Different papers extract steering vectors using different methods (mean difference, PCA, distributed alignment search), evaluate on different tasks, and report different metrics. Direct comparison is not possible.

What the benchmark provides

Fixed experimental protocol. We standardize the model, dataset, layer selection, and evaluation pipeline. Steering methods plug into a common interface and are evaluated under identical conditions.

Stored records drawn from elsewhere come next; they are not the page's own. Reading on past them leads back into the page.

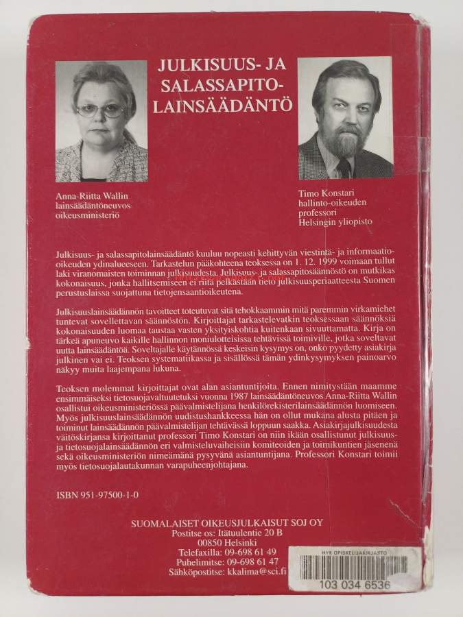 Julkisuus- ja salassapitolainsäädäntö : laki viranomaisten toiminnan julkisuudesta ja siihen liittyvät lait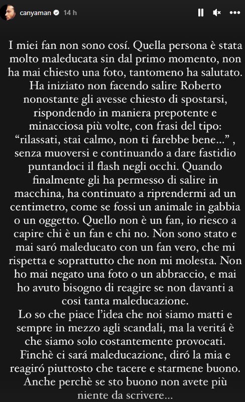 Can Yaman ha rotto il silenzio e ha dato la sua versione dei fatti via social. “I miei fan non sono così – ha scritto in una Instagram Story – Quella persona è stata molto maleducata sin dal primo momento, non ha mai chiesto una foto, tantomeno ha salutato. Ha iniziato non facendo salire Roberto nonostante gli avesse chiesto di spostarsi, rispondendo in maniera molto prepotente e minacciosa più volte, con frasi del tipo: ‘rilassati, stai calmo, non ti farebbe bene…’ senza muoversi e continuando a dare fastidio puntandoci il flash negli occhi. Quando finalmente gli ha permesso di salire in macchina, ha continuato a riprendermi ad un centimetro, come se fossi un animale in gabbia o un oggetto”.
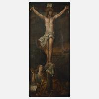 Darstellung des gekreuzigten Jesus Christus in der Todesstunde, mit der Trauernden Maria Magdalena zu seinen Füßen, vor der imaginären Kulisse von Jerusalem, am Fuße des Kreuzes sind diverse Gegenstände gruppiert, so kennzeichnen die gekreuzten Knochen am Kreuz, als auch der Totenschädel, den Ort als Hinrichtungsstätte "Golgota [dt. "Ort des Schädels"]", gleichwohl der Schädel mit der Salbbüchse auch auf Maria Magdalena als deren Attribute verweisen, links unten symbolisiert ein Apfel und eine Schlange den Sündenfall der Menschheit, der in der Kreuzigung des Gottessohnes seinen dramatischen Höhepunkt fand, Maria Magdalenas Oberkörper lagert auf einer Papierrolle, auf der undeutlich lesbar ist "Marc Cap. ... Vers 35.", diese Worte deuten auf das Markusevangelium Kapitel 15, welches vom Martyrium Jesu berichtet und im Vers 35 schreibt "Einige von denen, die dabeistanden und es hörten, sagten: Hört, er ruft nach Elija!", lasierende, teils pastose religiöse Genremalerei, Öl auf Papier, 18. Jh., sekundär auf Sperrholz aufgezogen, unsigniert, alte Reparaturen, Erhaltungsmängel, restaurierungsbedürftig, gerahmt, Falzmaße ca. 150 x 70 cm.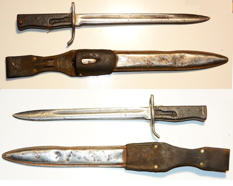 Deutsches Ersatzbajonett mit Blechprägegriff,29,3cm lange Klinge, Scheide und Bajonett mit Rostnarben, Klinge überschliffen, mit Koppelschuh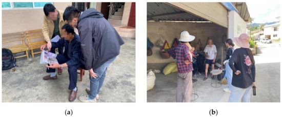 Planners consulting with the local villagers on rebuilding their surrounding environment. (a) Villagers sharing their opinions with the planners on the site design; (b) Villagers giving suggestions on the industrial revitalization. Source: the authors, taken in August 2022.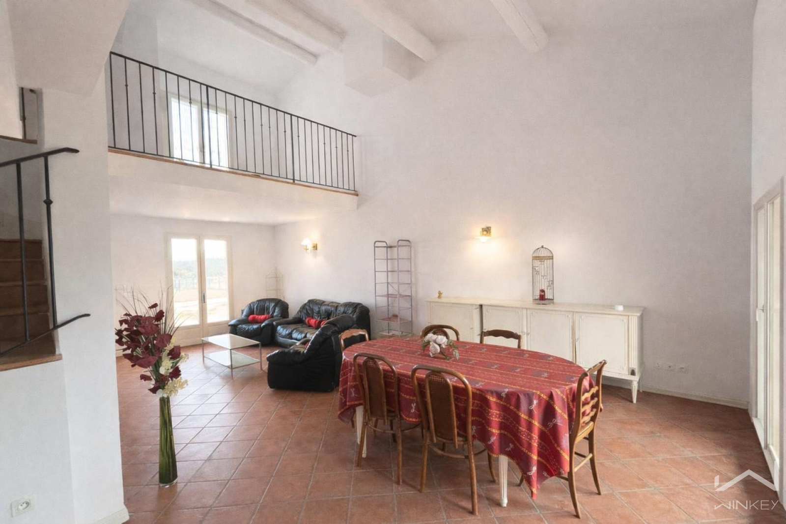 Elle se compose d’une belle pièce de vie avec cuisine aménagée et équipée, de trois chambres, d’une mezzanine, d’une salle d’eau, d’une buanderie, d’un WC indépendant et d’un garage. À l’étage, une agréable terrasse offre une vue dégagée.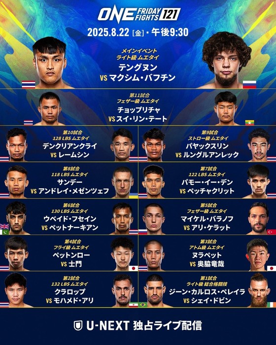 2025年8月22日(金)タイ・ルンピニースタジアム『ONE Friday Fights 121』(U-NEXT配信)にて、吉成士門(エイワスポーツジム)がONEフライ級ムエタイ3分3Rでペットンロー・シッルアンピナンフォン(タイ/An Sukhumvit)と対戦。ONEでの3連勝を狙う。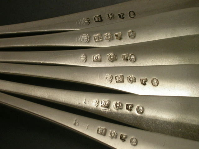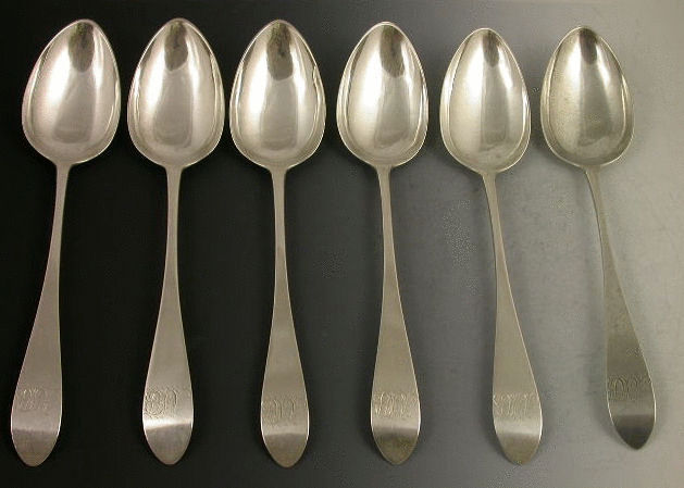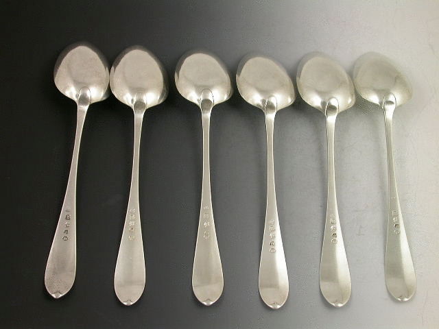 A good set of six Scottish Provincial silver Dessert Spoons of plain Celtic point design, the handles engraved with initials AMB.

Extraction methods compared. Mean-difference vectors (the difference in mean activations between contrastive prompt sets), PCA directions (principal components of activation differences), and DAS-optimized directions. Each is evaluated at multiple injection layers and scaling coefficients.

Evaluation dimensions.

Effectiveness: does the steering vector reliably shift behavior in the intended direction? Measured via classifier accuracy on the target attribute.
Coherence: does the steered model still produce fluent, on-topic text? Measured via perplexity delta and human evaluation.
Specificity: does steering affect only the targeted behavior, or does it degrade unrelated capabilities? Measured via cross-task performance.
Transferability: do steering vectors generalize across prompts, tasks, and model scales?

Takeaway

Steering vectors are easy to extract and often work surprisingly well, but the field's evaluation standards are inconsistent enough that it is hard to know which methods actually improve on the baselines. This benchmark is an attempt to fix the measurement problem so that progress can be assessed clearly.